Introduction

While a Star Trek-like future of interacting verbally with pervasive computers is not yet here, many strides toward that have emerged in recent years. Intelligent assistants, such as Alexa, Siri, and Google Assistant, are becoming increasingly common.

Much of the implicit value proposition for using intelligent, conversational assistants is the use of natural language.  But language is an essentially social interface — it evolved to help us communicate with other people. How do the social aspects of language shape our interactions with language-based user interfaces? This is one of the questions that emerged in our research of conversational assistants.

To better understand what challenges these assistants pose today and where they help users, we ran two usability studies (one in New York City and one in the San Francisco Bay Area). A total of 17 participants — 5 in New York, 12 in California — who were frequent users of at least one of the major intelligent agents (Alexa, Google Assistant, and Siri) were invited into the lab for individual sessions. Each session consisted of a combination of usability testing (in which participants completed facilitator-assigned tasks using Alexa, Google Assistant, or Siri) and an interview. 

This article summarizes our main findings about user perceptions, mental models, and the social dimension of using these agents, while another article discussed findings related to usability and interactions.

We saw that users are highly cognizant of the fact that their supposedly intelligent assistants are not fully intelligent. While people don’t necessarily have a fully correct understanding of the assistants’ limitations, their views range from thinking of the assistant as somewhat creepy or childish, or to simply seeing it as an alternate computer tool. We’re far from the potential future state when users will trust a computerized intelligent assistant as much as they would trust a good human administrative assistant.

Anthropomorphic Qualities

The social nature of language made people project anthropomorphic qualities onto the computer. Most of our participants referred to the assistant using a gendered pronoun (“she” or “he” when they had selected a male voice).  Some also inserted politeness markers such as “please” or “thank you”, or started questions with “Do you think…”, “Can you…”

They often applied human metaphors when talking about the assistant. For example, one user said “Her mind goes blank. She’s like ‘What does this lady want from me? Leave me alone!’” when Alexa beeped, presumably to signal lack of understanding.

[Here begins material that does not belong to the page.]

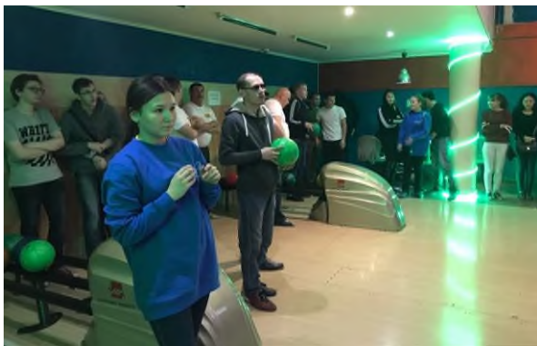
«Межмуниципальный чемпионат по боулингу»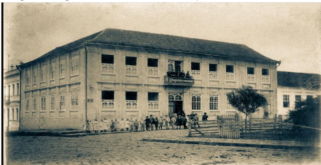
Figura 3: Colégio Internacional de Curitiba 11 de julho de 1896 – Curitiba, Brasil.

Another participant recounted, “I swear at her [Siri] when she doesn’t understand, and then she says something funny back — and we have fun.”  And yet another rationalized inappropriate answers by saying, “These are [complex] questions that I normally would not ask, so I guess it takes more thinking. So it cannot just answer something like that [right away]. The questions I ask usually aren’t that deep; they don’t take that much thought."

Our study participants were aware of this anthropomorphism and many laughed at it or commented on it. One Google Assistant user purposefully tried to refer to the assistant as “it”, saying “I just want the answer. I don’t want to talk to it like to a person [so I prefer not to say ‘OK Google’]. AI stuff already creeps me out enough. ”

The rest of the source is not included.